What is needed -
A verbatim reproduction of the lines below, from the line containing "a tense protest" through the line containing "Take on the", both ends included, is the whole required output.

Supplied material -
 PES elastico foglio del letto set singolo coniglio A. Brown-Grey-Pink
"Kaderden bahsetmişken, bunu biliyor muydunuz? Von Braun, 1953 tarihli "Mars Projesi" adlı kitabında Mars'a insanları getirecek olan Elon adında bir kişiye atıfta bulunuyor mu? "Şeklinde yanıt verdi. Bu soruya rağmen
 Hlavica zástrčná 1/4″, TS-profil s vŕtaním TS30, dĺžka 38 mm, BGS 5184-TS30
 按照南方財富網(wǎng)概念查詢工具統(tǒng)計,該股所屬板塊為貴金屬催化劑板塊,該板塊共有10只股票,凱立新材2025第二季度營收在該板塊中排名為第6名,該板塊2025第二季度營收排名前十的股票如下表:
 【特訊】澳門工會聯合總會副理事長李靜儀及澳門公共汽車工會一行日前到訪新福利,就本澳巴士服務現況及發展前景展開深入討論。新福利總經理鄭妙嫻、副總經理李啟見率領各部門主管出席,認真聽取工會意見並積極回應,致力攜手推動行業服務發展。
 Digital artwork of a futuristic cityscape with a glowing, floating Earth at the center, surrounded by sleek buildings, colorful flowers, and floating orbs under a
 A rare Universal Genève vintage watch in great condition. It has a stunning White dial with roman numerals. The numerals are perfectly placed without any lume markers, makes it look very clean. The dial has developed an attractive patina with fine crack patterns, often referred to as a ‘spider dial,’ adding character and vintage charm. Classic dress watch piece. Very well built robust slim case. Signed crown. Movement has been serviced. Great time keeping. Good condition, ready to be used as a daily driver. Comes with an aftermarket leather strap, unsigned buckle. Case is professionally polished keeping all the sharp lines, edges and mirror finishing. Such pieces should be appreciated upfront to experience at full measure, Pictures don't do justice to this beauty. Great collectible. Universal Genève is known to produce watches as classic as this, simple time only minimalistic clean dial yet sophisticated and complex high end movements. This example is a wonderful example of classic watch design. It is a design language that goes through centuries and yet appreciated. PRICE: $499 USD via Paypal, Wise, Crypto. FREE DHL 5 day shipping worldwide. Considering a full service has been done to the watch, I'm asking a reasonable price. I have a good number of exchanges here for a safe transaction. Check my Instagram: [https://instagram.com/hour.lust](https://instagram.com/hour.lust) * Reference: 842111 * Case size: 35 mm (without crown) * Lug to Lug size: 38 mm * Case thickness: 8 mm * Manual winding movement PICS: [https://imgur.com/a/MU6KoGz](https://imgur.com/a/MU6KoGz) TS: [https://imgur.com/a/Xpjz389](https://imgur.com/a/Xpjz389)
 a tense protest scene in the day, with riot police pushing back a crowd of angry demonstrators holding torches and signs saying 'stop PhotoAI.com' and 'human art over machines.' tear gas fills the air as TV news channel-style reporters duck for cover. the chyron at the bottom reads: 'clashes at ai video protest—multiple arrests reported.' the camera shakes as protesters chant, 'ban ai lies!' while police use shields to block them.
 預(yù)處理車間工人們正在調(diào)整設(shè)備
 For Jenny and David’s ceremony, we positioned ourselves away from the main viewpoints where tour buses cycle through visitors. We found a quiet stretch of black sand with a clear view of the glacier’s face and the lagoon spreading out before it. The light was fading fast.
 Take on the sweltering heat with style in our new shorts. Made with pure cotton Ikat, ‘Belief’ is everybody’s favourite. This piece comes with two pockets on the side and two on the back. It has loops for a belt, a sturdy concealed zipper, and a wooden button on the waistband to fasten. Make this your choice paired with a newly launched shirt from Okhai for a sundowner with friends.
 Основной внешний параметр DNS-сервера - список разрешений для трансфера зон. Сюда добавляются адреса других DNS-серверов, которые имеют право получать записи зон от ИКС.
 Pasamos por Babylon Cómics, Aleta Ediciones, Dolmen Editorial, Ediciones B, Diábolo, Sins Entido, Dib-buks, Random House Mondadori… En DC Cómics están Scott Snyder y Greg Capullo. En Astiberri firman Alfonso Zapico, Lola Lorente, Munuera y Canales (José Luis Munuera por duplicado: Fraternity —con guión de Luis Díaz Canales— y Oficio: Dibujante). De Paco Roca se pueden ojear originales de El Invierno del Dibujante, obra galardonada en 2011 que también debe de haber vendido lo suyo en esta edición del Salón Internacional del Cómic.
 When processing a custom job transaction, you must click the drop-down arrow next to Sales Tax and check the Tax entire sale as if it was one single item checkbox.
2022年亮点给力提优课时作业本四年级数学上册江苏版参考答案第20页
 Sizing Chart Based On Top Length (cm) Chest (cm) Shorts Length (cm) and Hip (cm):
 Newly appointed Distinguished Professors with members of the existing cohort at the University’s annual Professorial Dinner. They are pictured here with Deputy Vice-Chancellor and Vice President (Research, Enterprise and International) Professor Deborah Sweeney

Reply to the task -
 a tense protest scene in the day, with riot police pushing back a crowd of angry demonstrators holding torches and signs saying 'stop PhotoAI.com' and 'human art over machines.' tear gas fills the air as TV news channel-style reporters duck for cover. the chyron at the bottom reads: 'clashes at ai video protest—multiple arrests reported.' the camera shakes as protesters chant, 'ban ai lies!' while police use shields to block them.
 預(yù)處理車間工人們正在調(diào)整設(shè)備
 For Jenny and David’s ceremony, we positioned ourselves away from the main viewpoints where tour buses cycle through visitors. We found a quiet stretch of black sand with a clear view of the glacier’s face and the lagoon spreading out before it. The light was fading fast.
 Take on the sweltering heat with style in our new shorts. Made with pure cotton Ikat, ‘Belief’ is everybody’s favourite. This piece comes with two pockets on the side and two on the back. It has loops for a belt, a sturdy concealed zipper, and a wooden button on the waistband to fasten. Make this your choice paired with a newly launched shirt from Okhai for a sundowner with friends.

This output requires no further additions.